Тойгон усмехался. Было ясно: я сама к нему в лапы шагнула. Теперь все за то, чтобы меня ему отдать, даже те, кто раньше был против. Просто чтобы закрыть мои слова. Чтобы не нарушать правил.
— Так-так-так, что тут у нас происходит? — раздался вдруг голос в толпе, и я выдохнула — через людей протискивалась Камса. Наконец-то приехала, я уже бояться стала, что опоздает. — Стоит отвернуться, что-то обязательно стрясется. — Камса встала возле меня — теплая, потная, пахнущая лесом, как никто из людей не пах.
Я ухмыльнулась. Представила, как стоит, опираясь на свой хорей (шест для управления оленьей упряжкой. — Forbes Woman), а в углу рта у нее здоровая трубка. Пустая, дымом не пахнет, но Камса никогда не ходит без нее.
Люди тоже смотрели на Камсу. Сколько их было в тот момент? Я не могла понять. Я только чуяла общее дыхание и что ветер не пробивается сквозь тела. И оторопь общую чуяла. И недовольство — от них ли, от Тойгона. Волк защелкал зубами. Но камса даже ухом не повела.
— Без тебя справимся, иди своей дорогой, — фыркнул мой неудачливый жених.

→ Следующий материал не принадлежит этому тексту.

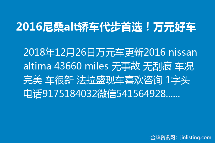 2016尼桑alt轿车代步首选!万元好车 917-518-4032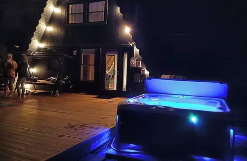 Discover this enchanting 2-bedroom A-frame cabin in Shohola. With a cozy king bed and a comfy futon, patrons will feel right at home. This peaceful retreat offers modern amenities like WiFi, a washing machine, central heat/AC as well as a wood stove! Enjoy entertaining guests on the massive deck fully furnished with sectional, deluxe swing chair, deluxe hammock, as well as a fire pit. Spend the day at the nearby private TWIN LAKES! The historic town of MILFORD is a mere 10 min away w/ plenty to keep the entire family busy. Then unwind in the evening in the saltwater Jacuzzi in the privacy of your own yard!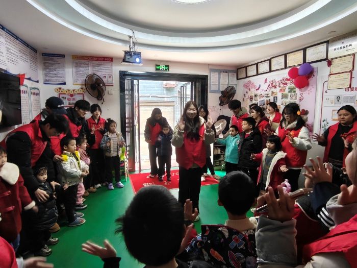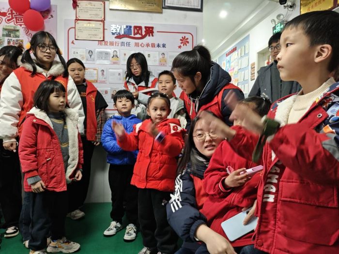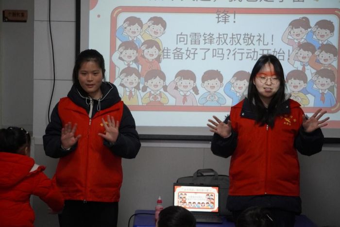 故事讲完,欢快的音乐响起。志愿者们带领孩子们学习与雷锋精神、节约、友爱相关的手势舞。孩子们跟着节奏挥动小手,动作虽显生涩,却透着认真与快乐。指尖舞动间,温情无声流淌,孩子们的参与感、表现力与沟通能力在律动中悄然提升。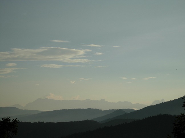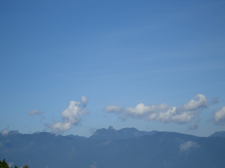 今天的目標~多門山,是太加縱走的前段,沿途據說鐵杉林、扁柏林、箭竹林參雜其中,易迷失不甚好走。但昨天忘記是在那個導覽圖看到,說明鐵杉林國家步道的終點瞭望台,展望很好,可以看到大霸、聖稜線。其實昨天在望洋山下山途中已經遠眺過雪山、品田、大霸的聖稜線,不過趁早晨天清氣爽上到瞭望台一覽群山,仍是我們遠離蹦蹦車、三疊瀑布的吸引,再度踩上僅有少數遊客才會一走的森林步道的最佳激勵因子。至於多門山,先上到瞭望台再說。在太平山莊附近欣賞過串串毛地黃、叢叢繡球花及陽光下的美麗紫槭林。也順路到蹦蹦車站,先讓小朋友看看以前爸爸媽媽坐過的蹦蹦車。08:25回到松羅館下方的步道入口,開始今天的正式行程。08:28經鎮安宮續直上。08:37抵達鐵杉林國家步道大型標示看板平台。一路至此,木階步道陡上但好走,但自平台之後步道較窄且多處泥濘,幸好我們腳穿雨鞋,一路踩踏而上,倒也無妨。09:06小兒子第一個衝向瞭望台,哇一聲後回頭告訴後面的我們,說他看到大霸尖山了~「好漂亮的風景,趕快上來!」。果然,一上到瞭望台,前方由左而右的山巒,"顆顆"鮮明,"粒粒"在目。左邊的大霸尖山仍是最醒目、最引人注意的目標了。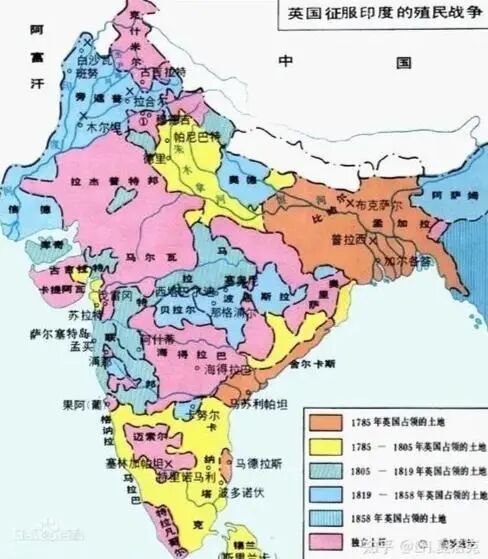 印度碰到英国之前,是一堆细碎的小土邦。当然,当时的印度北部有莫卧儿王朝。但莫卧儿王朝的统治范围,还没有涉及整个印度的地界。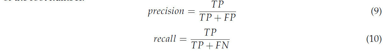 где TP являлось количеством правильно реконструированных корней в результате реконструкции, FP являлось количеством неправильно реконструированных корней в результате реконструкции, а FN являлось количеством корней, которые не были реконструированы в результате реконструкции.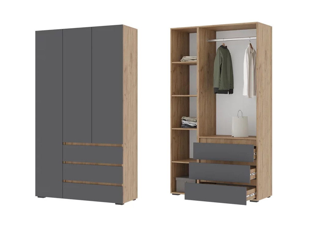 Шкаф с ящиками Хелен 3-х створчатый ШК 06 Дуб крафт золотой-Серый графит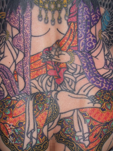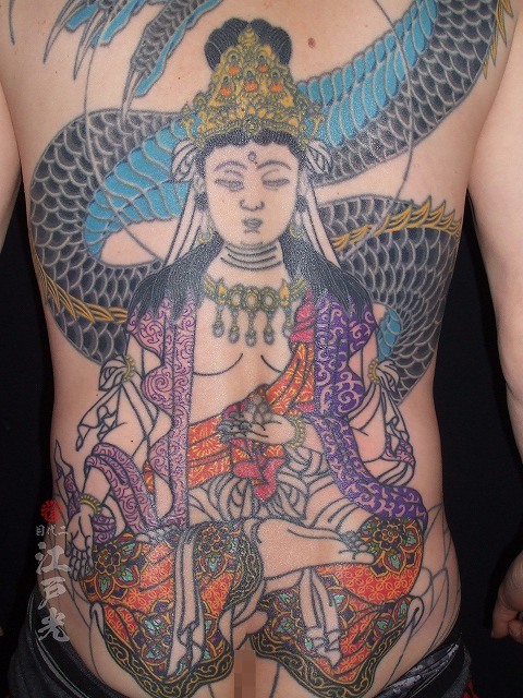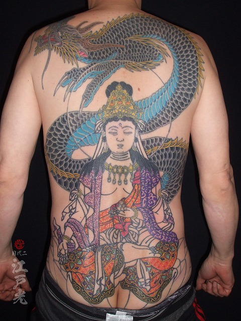 虚空蔵菩薩の刺青、背中、和彫り、着物柄、タトゥー:東京刺青師二代目江戸光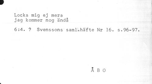 //// < //// < //// .j //// Locka mig ej mera ; //// jag kommer nog ändå //// ! //// 6:4. ? Svenssons saml^häfte Nr 16. s.96-97. ////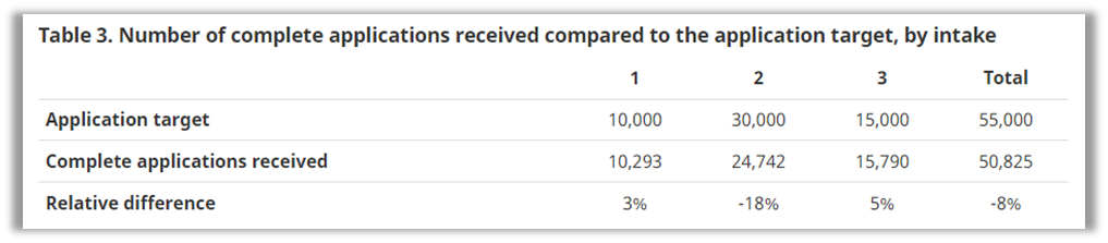 第三轮(2022年):目标为15,000份,IRCC接收了15,790份完整申请,超出目标约5%。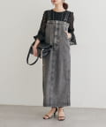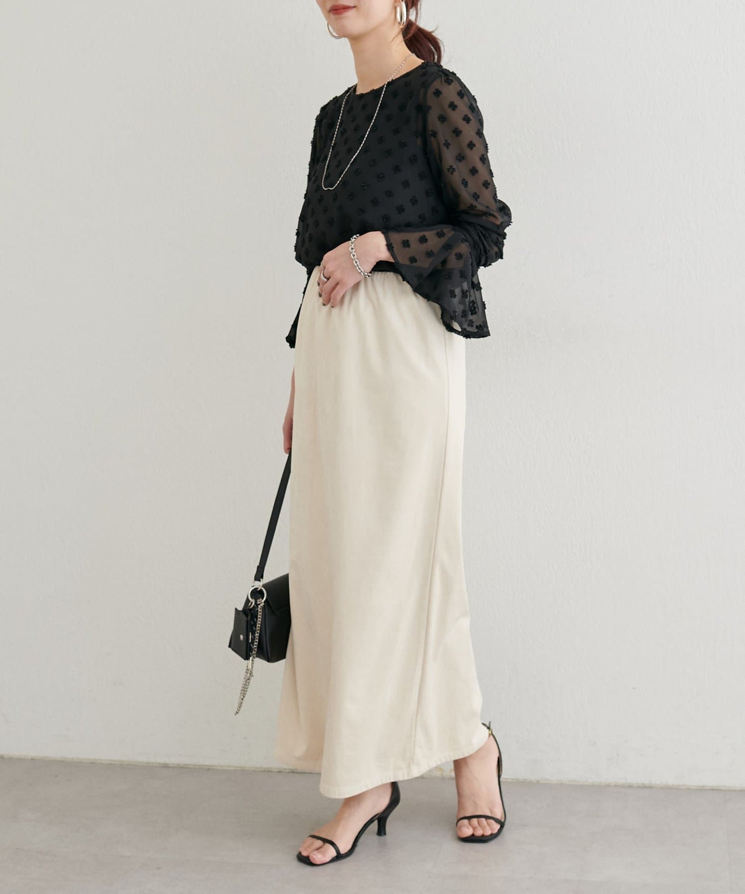 袖のベルスリーブを生かして、テーラードジャケットやカーディガンを重ねても◎。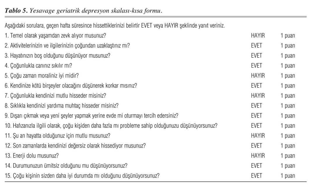 Yaşlı hastalarda depresyon taraması yapılması için 1983 yılında Yesavage ve arkadaşları tarafından geliştirilmiştir (11). 1991 yılında ise kullanım kolaylığı açısından Burke ve arkadaşları tarafından 15 soruluk kısa formunun geçerliliği ve güvenilirliği kanıtlanmıştır (12). Geriatrik depresyon skalası-kısa formu hızlı ve kolay uygulanabilir bir tarama testidir. Beş puan üzeri depresyonla uyumlu olabilir, hastanın kliniğiyle değerlendirilmesi gerekir. Demanslı hastalara uygulanabilir olması bir avantajıdır. Testin Türkiye'deki geçerlilik ve güvenilirliği Ertan ve Eker tarafından 30'u depresyonlu 276 hasta üzerinde 2000 yılında araştırılmış ve Türkiye'deki depresyonun taramasında kullanılmasında güvenilir olduğu saptanmıştır (13). Geriatrik depresyon skalasının kısa formu Tablo 5'te gösterilmiştir.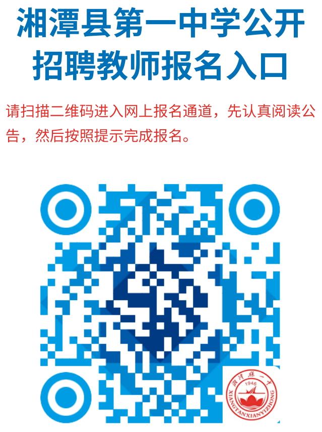 (一)报名 1.报名时间:2025年2月24日9:00至2025年3月 10日17:00。 2.报名方式:采取网上报名方式。在报名时间内应聘人员登录湘潭县第一中学校园网(http://www.xtxyz.com)或“湘潭县第一中学”微信公众号,扫描“湘潭县第一中学2025年公开招聘教师报名二维码”,下载并填报《湘潭县第一中学2025年公开招聘教师报名登记表》(详见附件3,以下简称“《报名登记表》”),上传资料完成报名,不接受其他形式报名。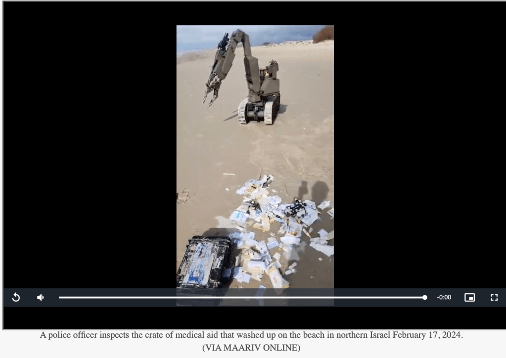 Heute wurde ein seltsamer Fund am Strand vom Kibbutz Ma’agan Michael in der Nähe von Caesarea angeschwemmt. Es war eine Kiste mit Medikamenten und anderen Hilfsgütern, die offensichtlich für den Gazastreifen bestimmt war und aus Jordanien stammte. Polizisten aus dem benachbarten Zichron Ya’akov ordneten die Untersuchung mit einem Spezialgerät an, um möglichen Sprengstoff aufzuspüren und zu entfernen. Eine Massnahme, die bei verdächtigen Funden immer getroffen wird. In diesem Fall erwies sich die Box als harmlos. Auf der Box ist ein Zettel angebracht, auf dem steht: «Von Jordanien nach Gaza». Welchen abenteuerlichen Weg die Box hinter sich hat, wird wahrscheinlich für immer ein Rätsel bleiben.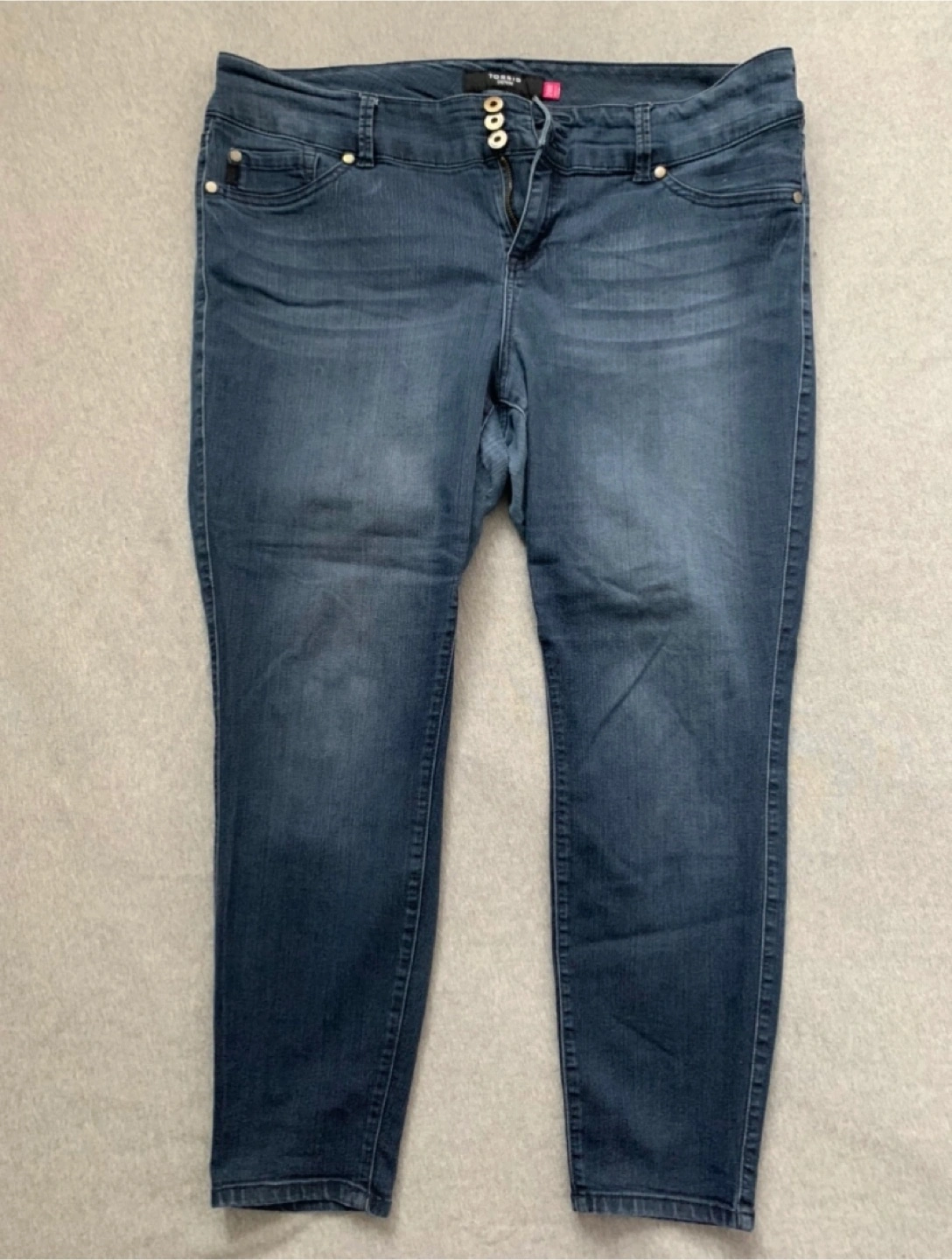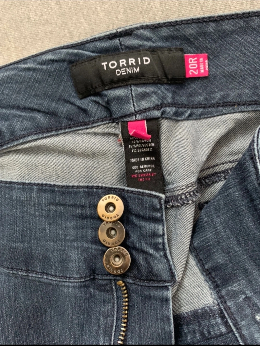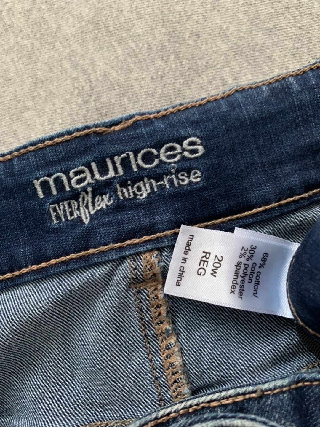 $7 — Maurices Everflex High-Rise Jeans - Women’s Size 20W Women's size 20W Maurices Everflex high-rise jeans. Dark wash denim. Excellent stretch. $3 — Torrid Denim Jeans Size 20R Women's dark wash denim jeans. Size 20R. Three button closure. 97% rayon, 2% polyester, 1% spandex. Note: there is very slight ware beginning to show on inner thigh. Price marked accordingly.

Камса круто повернулась к нему.
— Ах вон как? Без меня? И свадьбу сыграть без меня вздумал? А ты твердо ли знаешь, кого хочешь в жены?
— Не твое дело! — огрызнулся жених. Но он испугался. От взгляда Камсы, от ее прищура что-то дрогнуло в нем, я услышала по голосу.
И мать его услышала, верно. Она хорошей матерью была. Человек плохой, а мать хорошая: так бывает.
— Не суйся, старая. Слышала, что мужчина сказал? Не твое дело! И свадьбу без тебя играть можно, обычай разрешает, если быстрая свадьба, можно кама не звать. Иди, старая. Это семейное дело!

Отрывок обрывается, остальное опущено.